Gender. Respondents were 88% women, 9% men and 3% transgender.

Age. The largest group fell in the 30–39 range, making up 36% of the pool. The next largest groups were 40–49 (26%) and 20–29 (22%). 14% of respondents were 50–64 and only 2% were 19 or younger. We had no responses from readers 65 or older.

Voracity. The largest group reads roughly one erotic story per week. That said, 16% of our participants read 15 erotic stories or more per month—you insatiable perverts, you!
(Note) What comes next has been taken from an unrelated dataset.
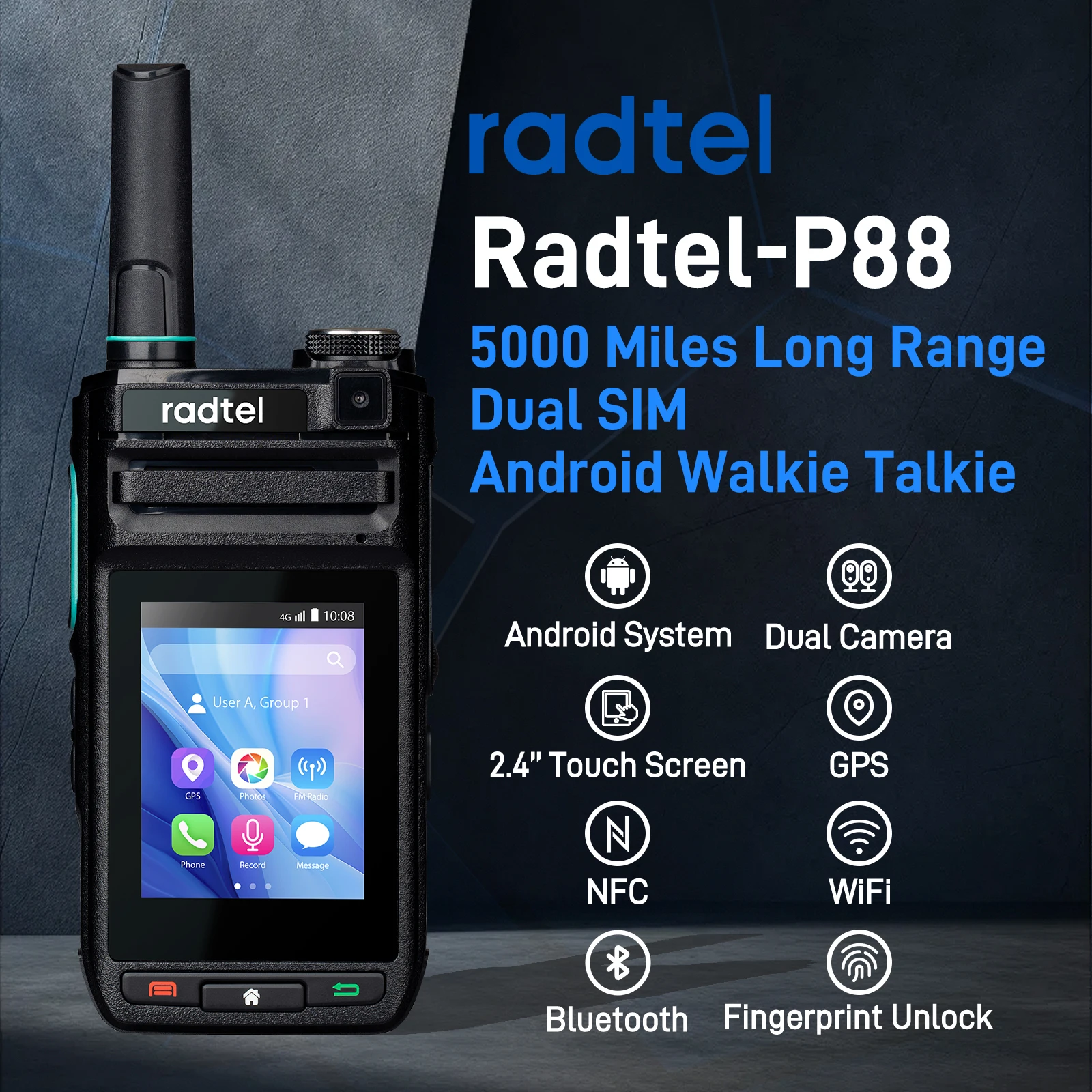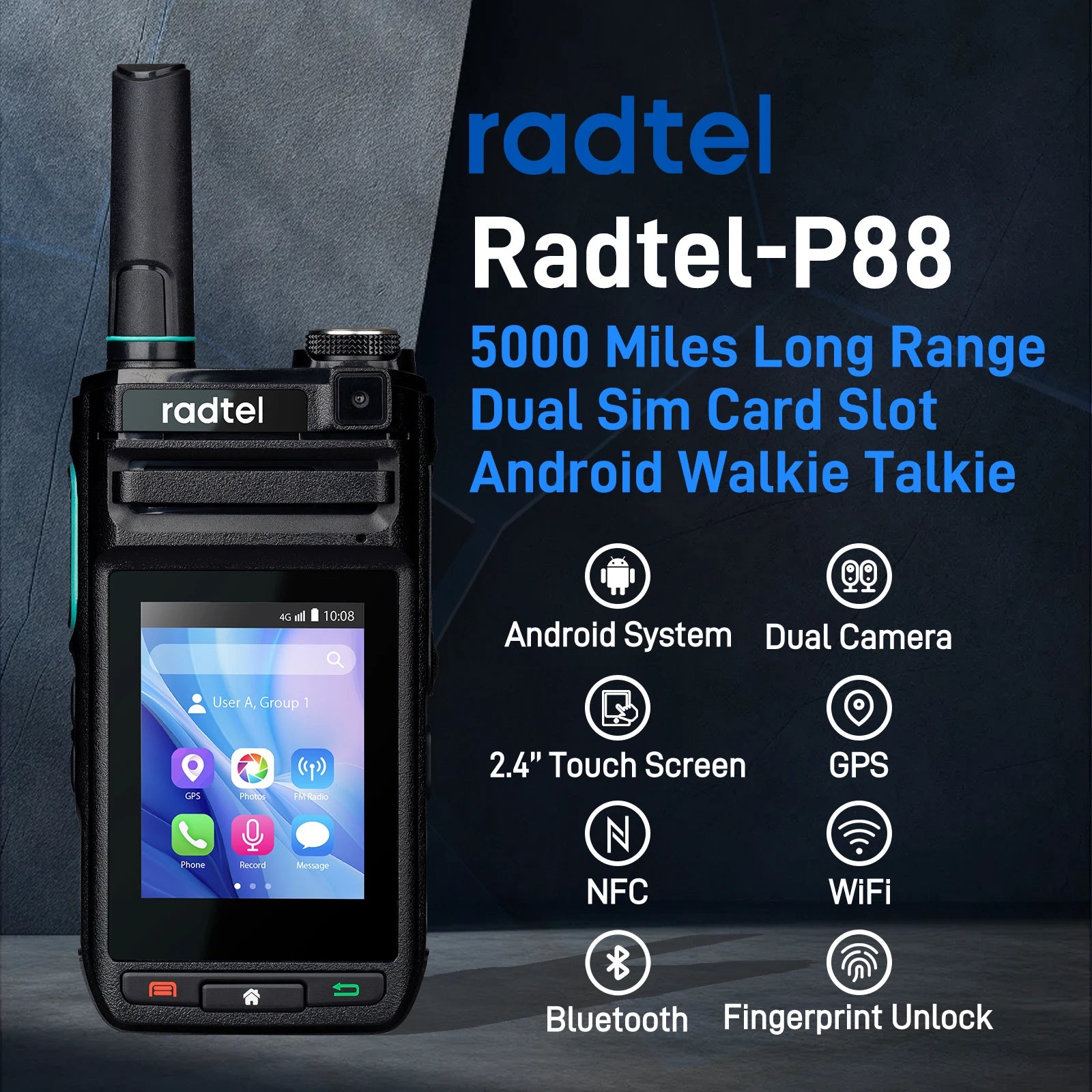 Radtel P88 Android POC Walkie Talkie Dual SIM Card Slot Long Range 5000 Miles Bluetooth NFC WiFi Fingerprint Unlock GPS Feature
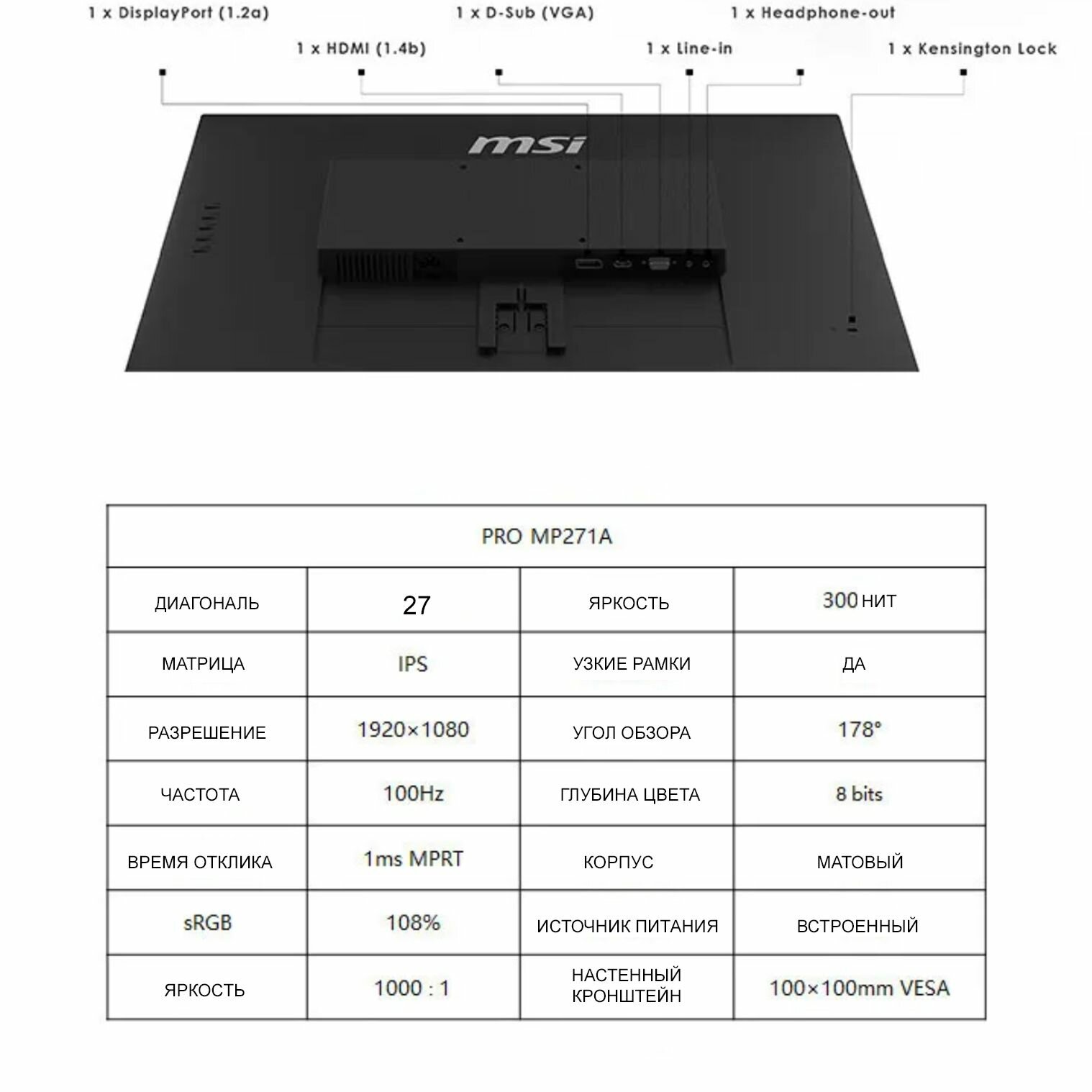 Ниже Вы можете прочитать отзывы на Монитор MSI MP271A с дтиагональю "27" и частотой 100Hz матовое покрытие, ознакомится с подробными характеристиками, посмотреть интересные обзоры и фотографии на Монитор MSI MP271A с дтиагональю "27" и частотой 100Hz матовое покрытие.

Formats and vendors. Nearly everyone polled reads digital erotica, with only 9% reading print exclusively. Most read a mix of the two, and 16% read digital only. The vast majority of readers get their erotica from traditional bookstores, online bookstores and direct from publishers' sites. Other sources of note are libraries, fan fiction sites, and erotic blogs and websites. None of our anonymous respondents claimed to get their erotica from pirate sites. Big, sloppy kisses from all us starving authors!

Length. Participants enjoy erotica of all lengths, though novels and novellas were most popular (46% and 35% respectively). 13% preferred short-story length and 6% preferred super-short (i.e., EC's Naughty Nooners or fan fiction / blog posts).

Character gender mix. The majority of our repondents were women and unsurprisingly, most want a man in their story. He can be one-half of a hetero couple or an m/m couple, or part of an f/m/m+ menage. Nearly two-thirds of pollees are indifferent to or turned-off by women-only erotica. Even more would pass on m/f/f menage.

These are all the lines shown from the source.